The Vor Game
“You said he was safe,” Cavilo hissed to Gregor.
“His meds must be further off-dose than I thought,” Gregor replied, looking anxious. “No, watch—he's bluffing. I'll prove it."
Hands held out open to his sides, Gregor walked straight toward the plasma cannon. Miles's jaw fell open, behind his faceplate. Gregor, Gregor, Gregor ... !
Gregor gazed steadily into Elena's faceplate. His step never quickened or faltered. He stopped only when his chest touched the beaded tip of the cannon. It was an enormously dramatic and arresting moment. Miles was so lost in appreciation, it took him that long to move his finger an imperceptible few centimeters and hit the button on his control box that closed the blast doors.

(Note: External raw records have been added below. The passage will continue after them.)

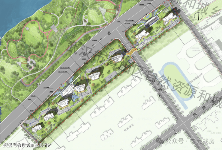 项目分为两个组团,西边组团有6栋住宅(1-3号楼、5-7号楼),东边组团有5栋住宅(8-9号楼),两个地块通过空中连廊连接。
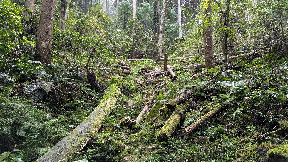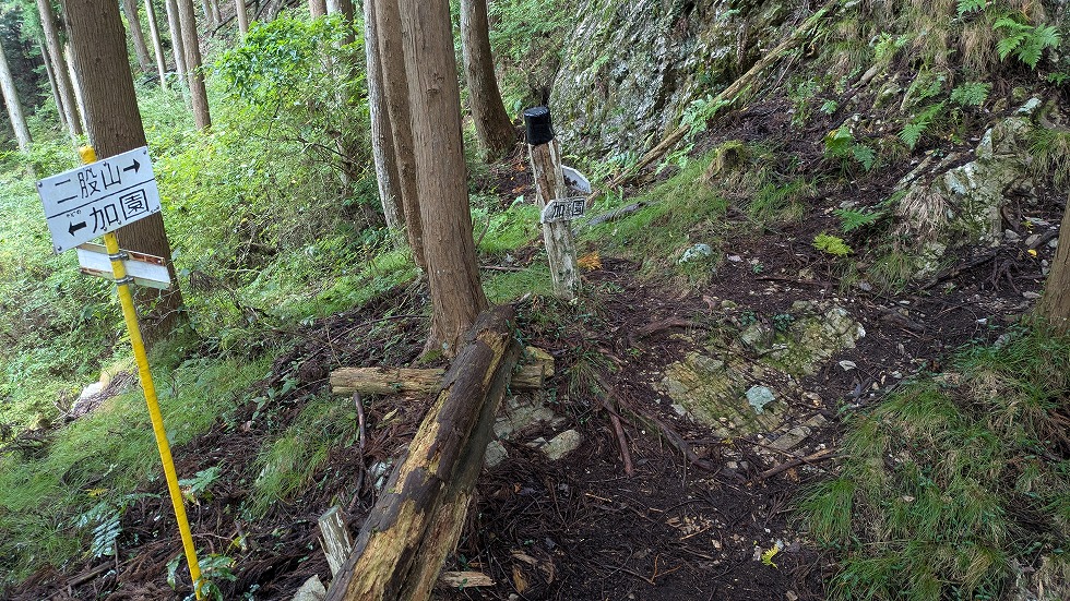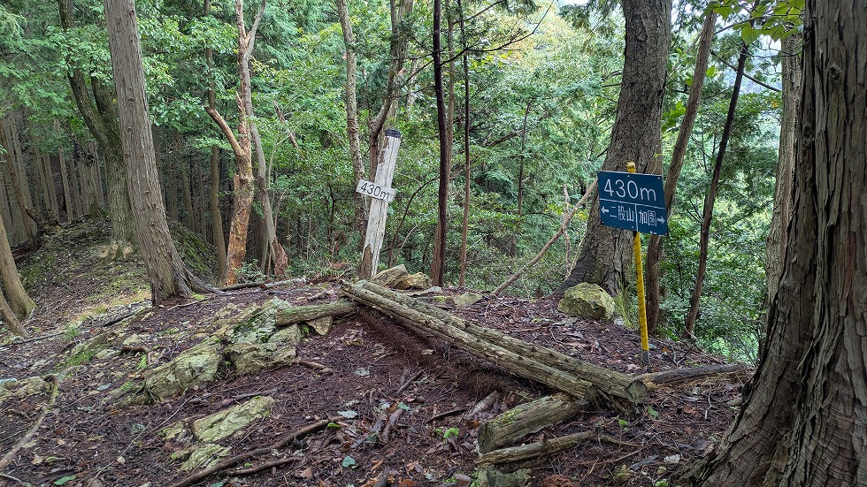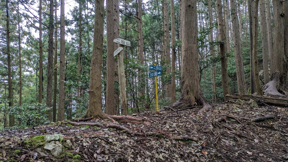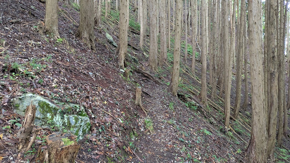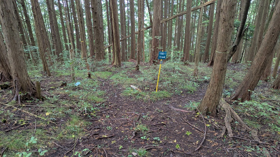 右側にも登山道があったがそれが上りのルートの途中にあった下沢方面の枝道になる。
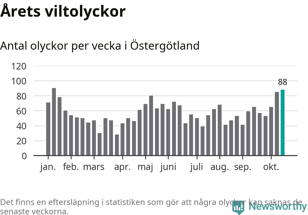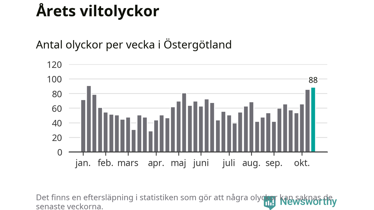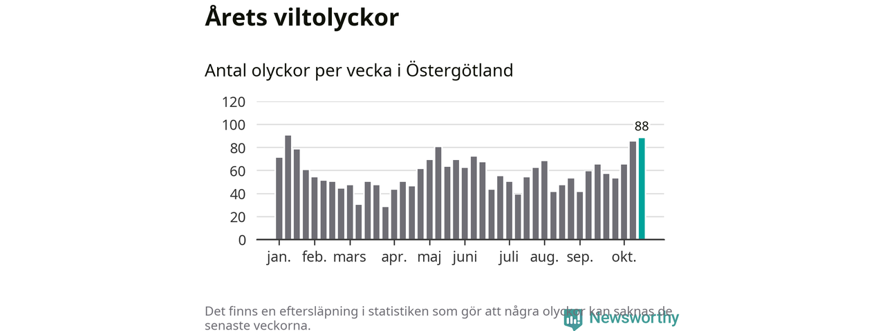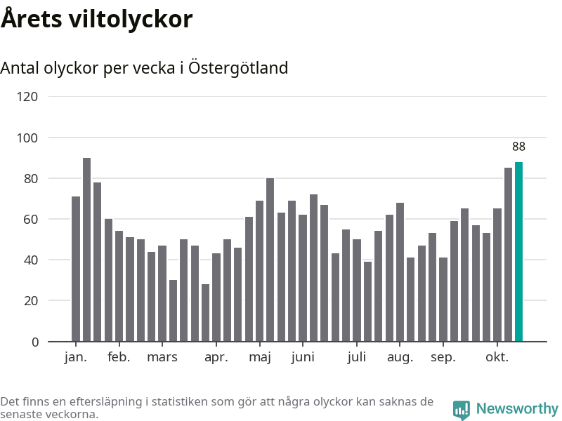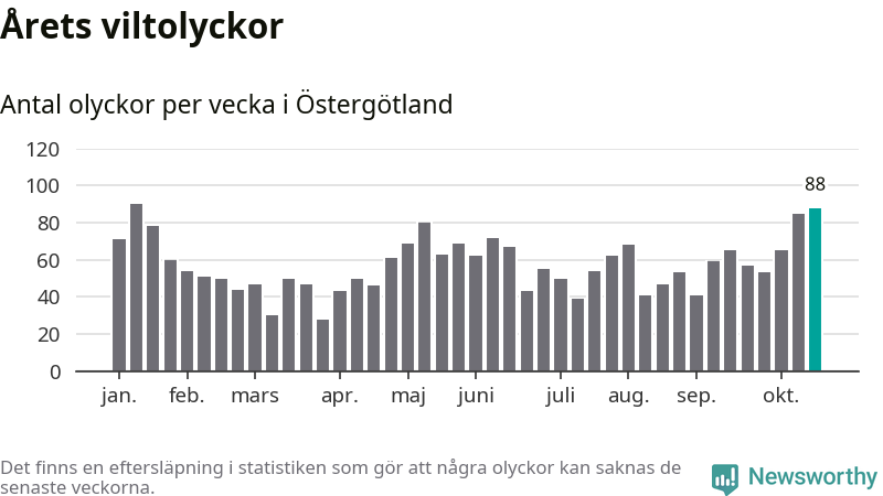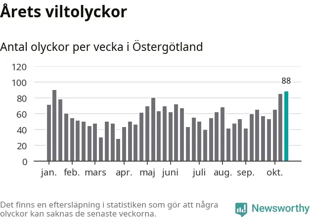 Hittills har 88 viltolyckor rapporterats in i Östergötlands län från vecka 43. Se listan här.

The shield hadn't been programmed for slow-closure; it banged shut faster than the eye could follow. Brief noises, from the other side, of plasma fire, shouts; Cavilo screaming at one of her men just in time to stop him from the fatal error of firing a mine at the wall of a closed chamber he himself occupied. Then silence.
Miles dropped his plasma rifle, tore off his helmet. “God almighty, I wasn't expecting that. Gregor, you're a genius.” Gently, Gregor raised a finger and moved the tip of the plasma cannon aside. “Don't worry,” said Miles. “None of our weapons are charged. I didn't want to risk any accidents."
“I was almost certain that was the case,” Gregor murmured. He stared back over his shoulder at the blast doors. “What would you have done if I'd been asleep on my feet?"
“Kept talking. Tried for various compromises. I had a trick or two yet. But behind the other blast door, there's a squad with live weapons. In the end, if she didn't bite, I was prepared to surrender."
“That's what I was afraid of."
Some peculiar muffled noises penetrated the blast doors. “Elena, take over,” said Miles. “Mop up. Take Cavilo alive if possible, but I don't want any Dendarii to die trying. Take no chances, trust nothing she says."
“I have the picture.” Elena waved a salute, and motioned to her squad, which broke up to insert weapons-charges. Elena began to confer over the command-channel headset with the leader of the twin squad waiting on Cavilo's other side and with the commander of the Ariel's combat shuttle, closing in from space.
Miles motioned Gregor along the corridor, removing him as swiftly as possible from the region of potential messiness. “To the tactics room, and I'll fill you in. You have some decisions to make."
They entered a lift-tube, and rose. Miles breathed easier with every meter he increased the range between Gregor and Cavilo.
“My biggest worry,” Miles said, “till we spoke face-to-face, was that Cavilo really had done what she thought she had, fogged your mind. I didn't see where she could be getting her ideas except from you. Wasn't sure what I could do in that case, except play along till I could hand you over to higher experts on Barrayar. If I survived. I didn't know how fast you'd see through her."
“Oh, at once,” shrugged Gregor. “She had the same hungry smile Vordrozda used to get. And a dozen lesser cannibals, since. I can smell a power-hungry flatterer at a thousand meters, now."
“I yield to my master in strategy,” Miles's armored hand made a genuflecting motion. “Do you know you rescued yourself? She'd have taken you all the way home, even if I hadn't come along."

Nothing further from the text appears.